Analytics

How To Rebuild Cloudera’s Spark

As a followup to the post How to upgrade Spark on CDH5.5, I will show you how to get a build environment up and running with a CentOS 7 virtual machine running via Vagrant and Virtual Box. This will allow for the quick build or rebuild of Cloudera’s version of Apache Spark from https://github.com/cloudera/spark.

Why?

You may want to rebuild Cloudera’s Spark in the event that you want to add functionality that was not compiled in by default. The Thriftserver and SparkR are two things that Cloudera does not ship (nor support), so if you are looking for these things, these instructions will help.

Using a disposable virtual machine will allow for a repeatable build and will keep your workstation computing environment clean of all the bits that may get installed.

Requirements

You will need Internet access during the installation and compilation of the Spark software.

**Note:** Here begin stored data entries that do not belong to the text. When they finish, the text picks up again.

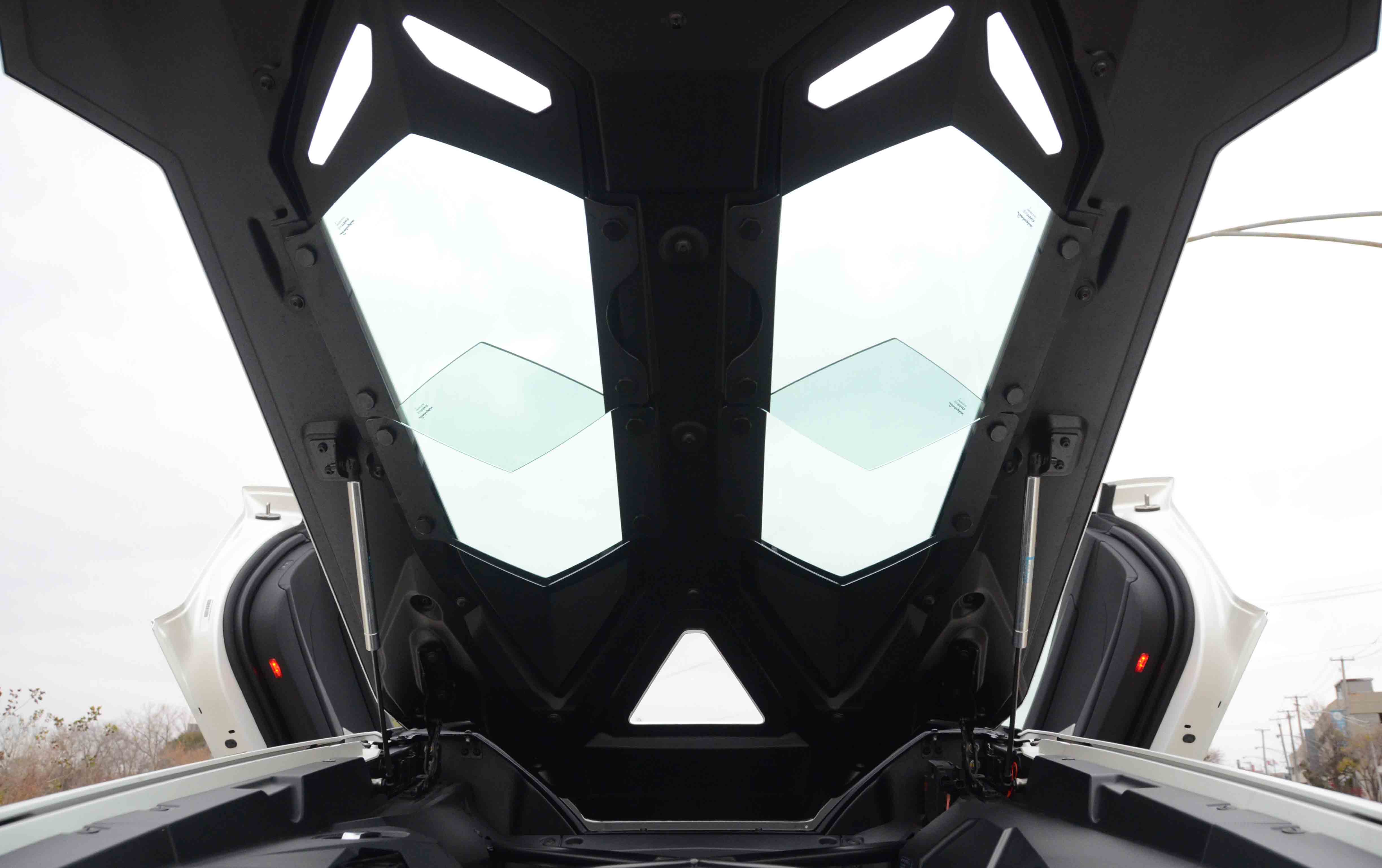 Being inside this machine feels like you’re sitting in a spaceship. The seats are tucked low into the interior, finished with simple and classic black leather. Driving the car is like being enveloped in it; you feel one with the vehicle.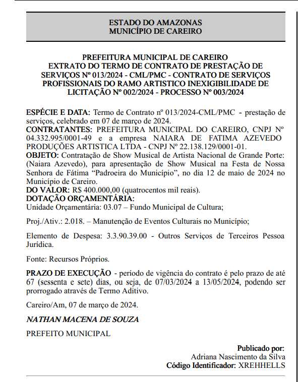 Amazonas – No último dia 7 de março, o prefeito Nathan Macena, de Careiro Castanho, assinou um contrato milionário para a contratação do show da cantora nacional Naiara Azevedo, que está programado para acontecer no dia 12 de maio, durante a Festa de Nossa Senhora de Fátima. O montante de R$ 400 mil foi destinado para esse evento, conforme publicação no Diário Oficial dos Municípios do Amazonas.
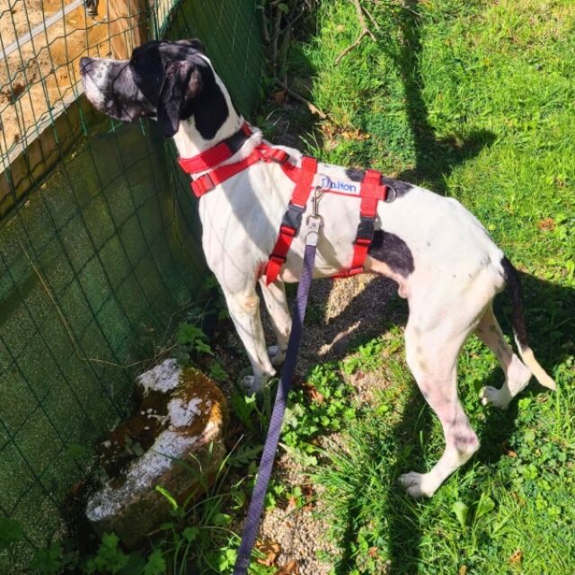 Dalton ist auf der Suche nach aktiven Menschen, die gerne und viel draußen in der Natur unterwegs sind und auch ein Interesse an den Besonderheiten der sehr alten Jagdhundrasse der Pointer haben. So gilt der Pointer in seiner jagdlichen Verwendung, als ein „Vorstehhund“, der dem Jäger das Wild im Dickicht anzeigt. Dieses besondere Talent wird natürlich auch Dalton in sich tragen und dadurch Ihnen liebe Leserinnen und Leser viele Dinge anzeigen wollen, die der sanfte Rüde sehr spannend findet. Freuen Sie sich auf die gemeinsamen Erlebnisse und Beobachtungen in Wald, Flur und am Wasser mit dem sportlichen Dalton. Mit ihrer liebevollen Anleitung, guter geistiger Auslastung und einem sportlichen Hobby wird Dalton gut die notwendigen Regeln in einem Menschenhaushalt lernen wollen und ein sanfter, freundlicher Begleiter werden.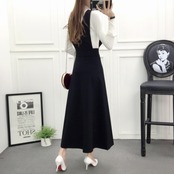 ハイウエストですっきりと細見えするシルエットのジャンパースカート。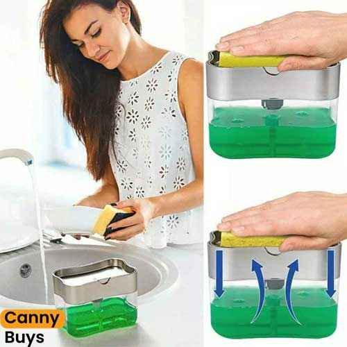 The 2-in-1 Sponge Brush Holder with Soap Dispenser by Canny Buys is the perfect solution for a clean and organized kitchen. Enjoy effortless dishwashing while saving space and money. Upgrade your kitchen today with Canny Buys
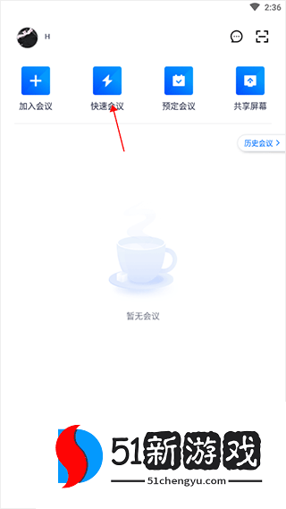 1、在腾讯会议中,点击主界面上的“快速会议”选项,进入新界面。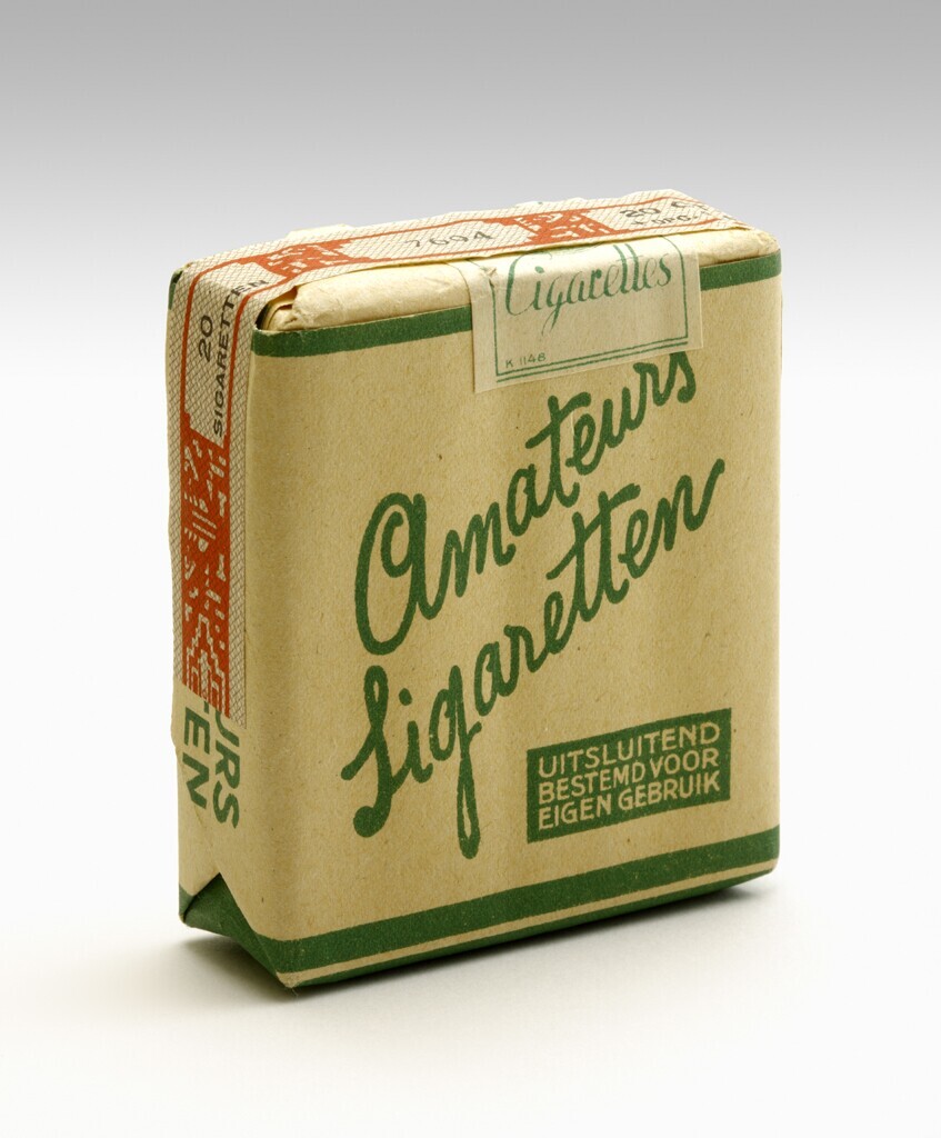 Een crèmekleurig ongeopend pakje Amateurs sigaretten met groene opdruk en een intacte banderol. Rechts onder de merknaam staat: "Uitsluitend bestemd voor eigen gebruik". Op de achterkant in een groen kader een verbod de sigaretten te verhandelen.
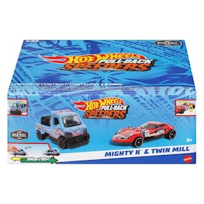 Estes Hot Wheels Pullback Mighty K e Twin Mill da Mattel são itens essenciais para os colecionadores e amantes de carros em miniatura. Com um design exclusivo e detalhes realistas, eles são ideais para colecionar e brincar. O modelo é perfeito para corridas emocionantes, podendo também ser utilizado como item de decoração. Puxe para trás e solte-os para vê-los correr com velocidade, estilo e desempenho impressionantes. Estes veículos Diecast Hot Wheels maiores que o normal têm uma escala 1:43 e decorações autênticas. Idade recomendada: A partir de 3 anos. Selo Inmetro: 005083/2021.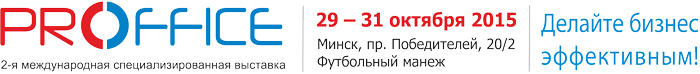 Приглашаем вас присоединиться к знаковому событию рынка офисной индустрии и услуг для бизнеса: 2-й международной специализированной выставке ProOffice, которая пройдет с 29 по 31 октября 2015 г. в Минске (пр. Победителей, 20/2, Футбольный манеж). ProOffice — расширенный формат специализированной выставки «Современный офис», прошедшей в 2014 году. Это единственное в Беларуси мероприятие, позволяющее продемонстрировать широкий спектр офисного оборудования и решений для офиса. В этом году ProOffice предлагает различные формы участия по антикризисным ценам.

Make sure that you have the following software installed on your local workstation:

Installation of these components are documented at their respective links.

Get Started

Clone the vagrant-sparkbuilder git repository to your local workstation:

git clone https://github.com/teamclairvoyant/vagrant-sparkbuilder.git
cd vagrant-sparkbuilder

Start the Vagrant instance that comes with the vagrant-sparkbuilder repository. This will boot a CentOS 7 virtual machine, install the Puppet agent, and instruct Puppet to configure the virtual machine with Oracle Java and the Cloudera Spark git repository. Then it will log you in to the virtual machine.

vagrant up
vagrant ssh

Inside the virtual machine, change to the spark directory:

cd spark

The automation has already checked out the branch/tag that corresponds to the target CDH version (presently defaulting to cdh5.7.0-release). Now you just need to build Spark with the Hive Thriftserver while excluding dependencies that are shipped as part of CDH. The key options in this example are the -Phive -Phive-thriftserver. Expect the compilation to take 20-30 minutes depending upon your Internet speed and workstation CPU and disk speed.

patch -p0 </vagrant/undelete.patch
./make-distribution.sh -DskipTests \
  -Dhadoop.version=2.6.0-cdh5.7.0 \
  -Phadoop-2.6 \
  -Pyarn \
  -Phive -Phive-thriftserver \
  -Pflume-provided \
  -Phadoop-provided \
  -Phbase-provided \
  -Phive-provided \
  -Pparquet-provided

If the above command fails with a ‘Cannot allocate memory’ error, either run it again or increase the amount of memory in the Vagrantfile.

Copy the resulting distribution back to your local workstation:

rsync -a dist/ /vagrant/dist-cdh5.7.0-nodeps

If you want to build against a different CDH release, then use git to change the code:

git checkout -- make-distribution.sh
git checkout cdh5.5.2-release
patch -p0 </vagrant/undelete.patch

Log out of the virtual machine with the exit command, then stop and/or destroy the virtual machine:

vagrant halt
vagrant destroy

More examples can be found at the vagrant-sparkbuilder GitHub site.

What Now?

From here, you should be able to make use of the newly built software.

If you are recompiling Spark in order to get the Hive integration along with the JDBC Thriftserver, copy over and then install the newly built jars to the correct locations on the node which will run the Spark Thriftserver.

install -o root -g root -m 0644 dist-cdh5.7.0-nodeps/lib/spark*.jar \
  /opt/cloudera/parcels/CDH/jars/
install -o root -g root -m 0644 dist-cdh5.7.0-nodeps/sbin/start-thriftserver.sh \
  /opt/cloudera/parcels/CDH/lib/spark/sbin/
install -o root -g root -m 0644 dist-cdh5.7.0-nodeps/sbin/stop-thriftserver.sh \
  /opt/cloudera/parcels/CDH/lib/spark/sbin/

You should only need to install on the one node, not on all the cluster members.